The place looks like it has not been touched in the more than two decades since they closed down. This wasn’t just another hotel that closed down due to a plethora of market conditions that made it economically impossible to operate. For as long as they were around, the Homowack was a hub of Jewish life and activity. When the few hundred hotel rooms went on sale a few weeks prior to Pesach or Shavuot, all the rooms were sold out within a day. If you lagged behind in making your reservation you had to know someone in order to get in.

But now it is eerily quiet on those grounds. As I scanned the landscape, my eyes absorbed great memories and filed them away wherever those things are mentally stored.

On Monday afternoon, we drove the 10 miles to Woodbourne. That shul that has come alive thanks to the selfless around-the-clock work of the shul’s rav, Rabbi Mordechai Jungreis. Shacharis minyanim begin at 6 a.m., and the last Ma’ariv might be two or three o’clock in the morning.

We stepped onto the expansive back porch of the shul where the minyanim are held on beautiful warm days like this one. When I arrived with my grandson Dovid, there were just a few people sitting at tables and learning. A few minutes later there were 50 people wearing face masks and positioned in a socially distanced manner to daven Minchah.

It is still a little early in the season, so minyanim that are not attached to communities or bungalow colonies are a little sparse.
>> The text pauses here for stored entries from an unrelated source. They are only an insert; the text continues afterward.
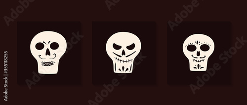 © Екатерина Окунева, Fototapeta premium Dia de Los Muertos, traditional Mexican Halloween vector flat cartoon cards design.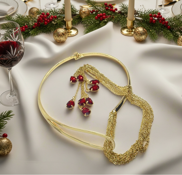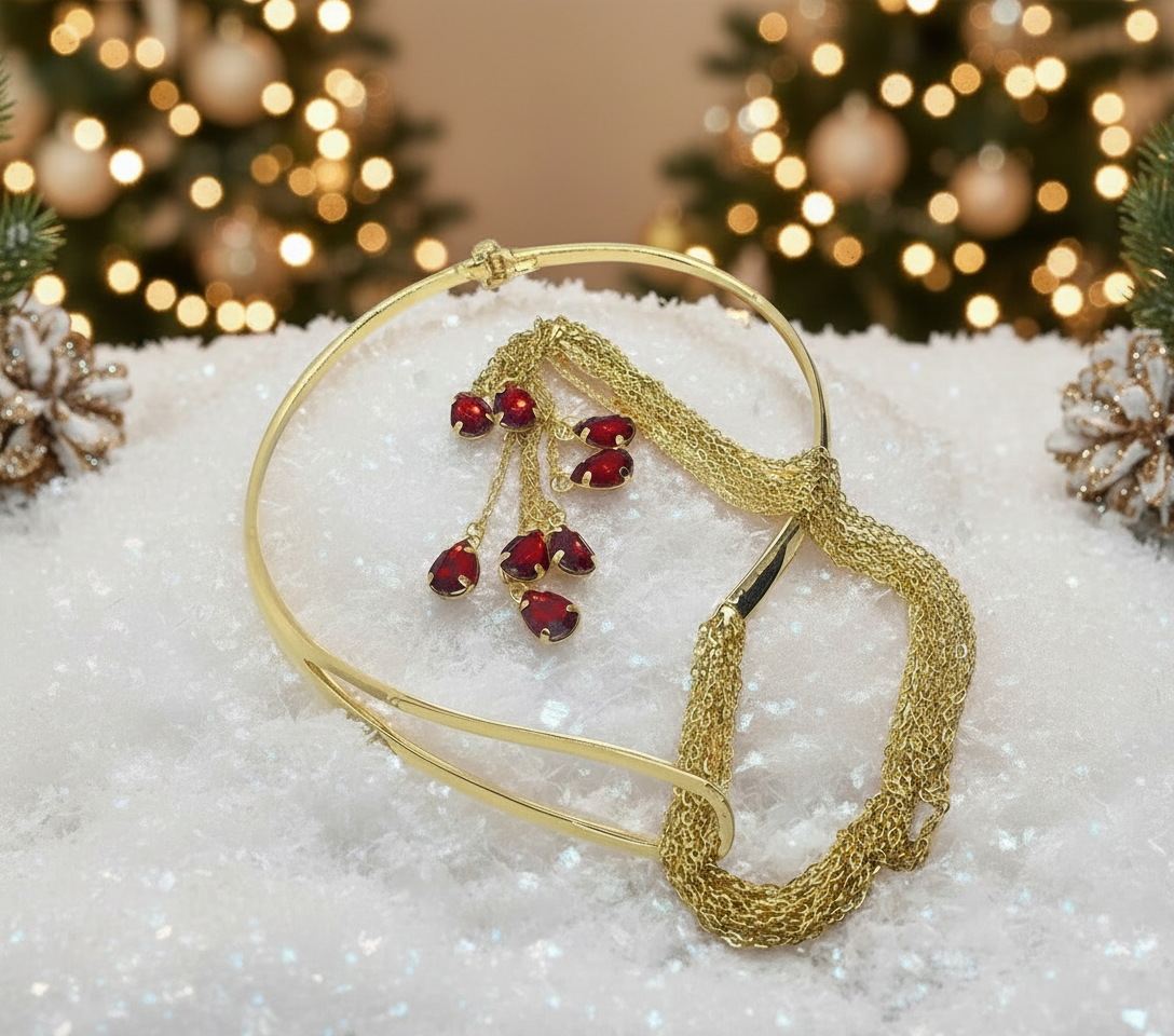 This is a gorgeous multi-chain fringe choker necklace. It is perfect in the way it lays across the neck and flows downward. It is so special that you can wear it any place or at any time. It makes the perfect gift for all those special people in your life. It also makes a perfect gift for yourself. Go ahead, you deserve it!! Comes in a gift box. Material: metal chain, teardrop glass stone. Size: 6-inch diameter, 15-inch drop. A fringe chain slides through the collar.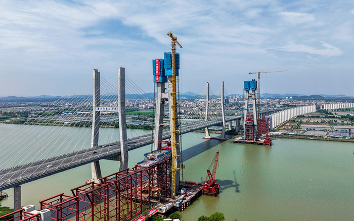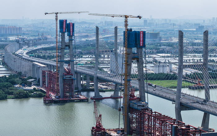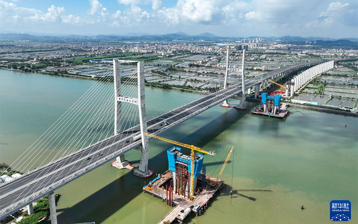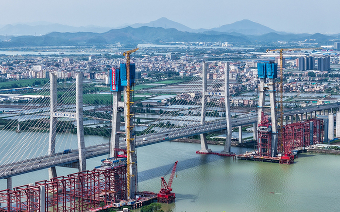目前,深江铁路跨磨刀门水道主桥东主塔已封顶。

At the main shul in Ellenville, there is no Shacharis or Minchah minyan and we had to wait about 20 extra minutes to patch together a minyan for Ma’ariv at 10 p.m.

It looks like on most mornings we will be making the trip to Congregation Bnai Israel of Woodbourne. After Minchah, the rabbi announced that this is the 100th anniversary of the shul. There is certainly a great deal of history packed into those 100 years.
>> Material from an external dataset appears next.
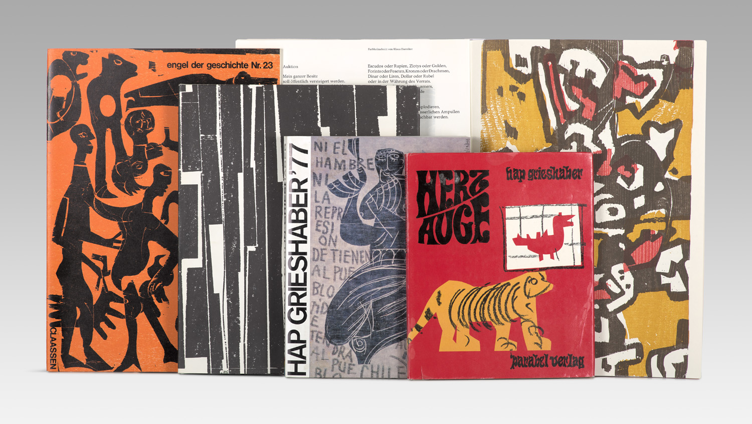 Moderne Literatur und Kunst – Enthält: I. Kreuzweg. 1967. Fol. OLwd. in ill. OUmschlag in OPp. Schuber. - II. Herzauge. 1969. 4°. OLwd. in ill. OUmschlag. III. Spektrum Nr. 51. 1972. Fol. Ill. OBroschur. Vom Künstler signiert. - IV. Spektrum September 1972. 14. Jahrgang. 1972. Fol. Ill. OBroschur. Vom Künstler signiert. - V. Engel der Geschichte Nr. 23. 1976. Fol. Il. OBroschur. 3 Holzschnitte signiert. - VI. HAP Grieshaber '77. 1977. 4°. Ill. OBroschur. - Insgesamt wohlerhalten. Die OHolzschnitte durchweg prachtvoll und kräftig im Druck, die Maserung teils fein mitzeichnend, die Farben satt und leuchtend.

Before we left, I asked what time the latest minyan for Shacharis would be the next morning. He looked straight at me and, with a little smirk, said that he received a psak, or rabbinic ruling, that the latest he can say the morning services are held is at noon. Some of you reading this will gasp, but I have heard that it is not unusual to have people davening Shacharis here at two o’clock in the afternoon. Hey, you just davened at home for three months straight; give those late risers a break.

There’s great Jewish history up here in this part of New York that was once so thoroughly Jewish, it was affectionately referred to as the Borscht Belt. If I am recalling correctly, I believe borscht was indeed an item listed on the Homowack lunch menu. But while there is still a lot going on up here, I don’t think borscht is being served anywhere.